The first thing that strikes you about the site is the bar chart across the top of the page, replacing the traditional masthead. This is a newsriver:
Down the outside column is a list of articles from the past hour:
That’s culture shift number 1.
At the bottom of the page you will find recent images, social bookmark sites, most commented articles from the past 24 hours, most important and most viewed.
Culture shift number 2 is the list of incoming links to this article – something built into the very fabric of blogs (pingback) but so far either anathema to mainstream publishers (“send our readers elsewhere?”), or difficult with current content management systems.

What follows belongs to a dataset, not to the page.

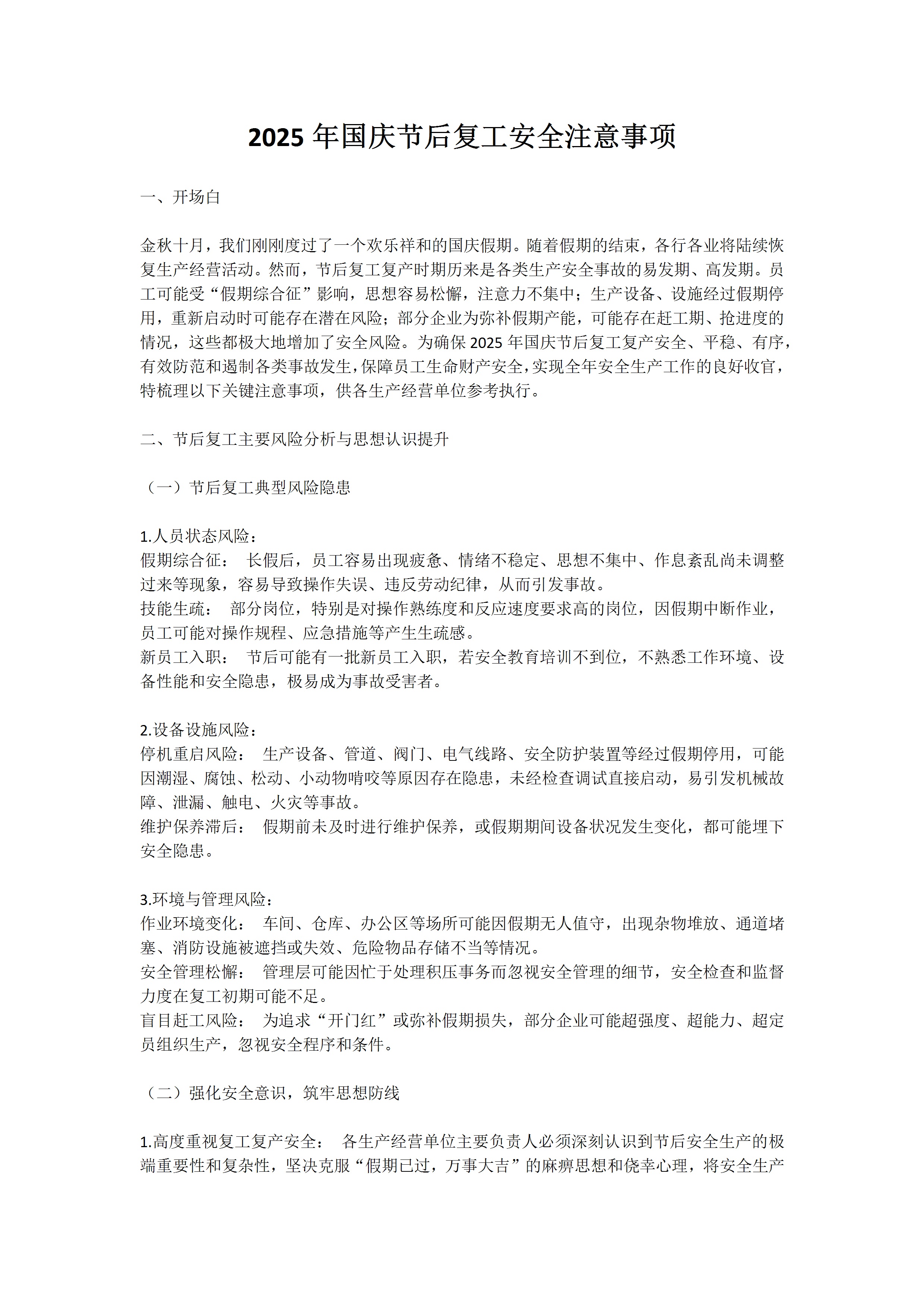 / 2025年国庆节后复工安全注意事项3.3 0 文档

And with one simple move the site demonstrates it’s part of the conversation.
The ‘most important’ list is also worth looking at. How did they decide what was “most important?” I asked.
“We are using around ten variables to decide what’s important news. The variables we’re using right now are pageviews, visits from external websites, unique referrers to an article, comments, votes (4 options) and the press agency urgency variable (3 options; normal, high, very high).
“By showing it next to the most viewed we can easily see how it works and adjust the settings to make it better. It’s not perfect yet, but it already works remarkably well.
“We could extend this even further (tags, edits, tag removals) or skip some. All the variables are connected to points, we can set a default amount of points to a variable and define or redefine the value for the website.
“We also made a tag sniffer at http://www.skitch.com/wilbertbaan/8733/en-tag-sniffing – it scans the text on certain names and auto tags the article.”
Wilbert’s next step is building a community that can contribute to make this website better with ideas or criticism. The newspaper is already conducting a conversation with readers on a NING social network where users can contribute new ideas and discuss the website (in Dutch), but clearly this is just the start.
“For example we could connect a popular social network to the website and use what your network reads to alter the presentation of the news. Or make section pages, or a frontpage?
And all this is possible because of a Holovaty-esque focus on the power of databases.
“The most important object is the database,” he writes on his blog. “We designed the database from a view that almost everything is possible with the data. We store a lot of information that might be valuable in the future. This allows us to experiment freely with the design and think up new features. The database is the most valuable asset of a news organization.”
And this means they can do “Almost everything. We can make mash-ups, feeds, aggregated pages. Hook in to social networks, extend the wiki functionality, and more. Technically everything is possible.”
Keep an eye on this one.
UPDATE: Wilbert writes: “We have added feeds for every tag, latest news and breaking news. We have also added a personal feed that can be created by selecting the tags you like or don’t like. Very rudimentary, but it is a first experiment with personalization (My feed: http://en.nl/en/my_rss.php?editorId=3) and you can take it anywhere you want.
“With these feeds we are encouraging developers to experiment with news sorting and make their own interface or mash-up.”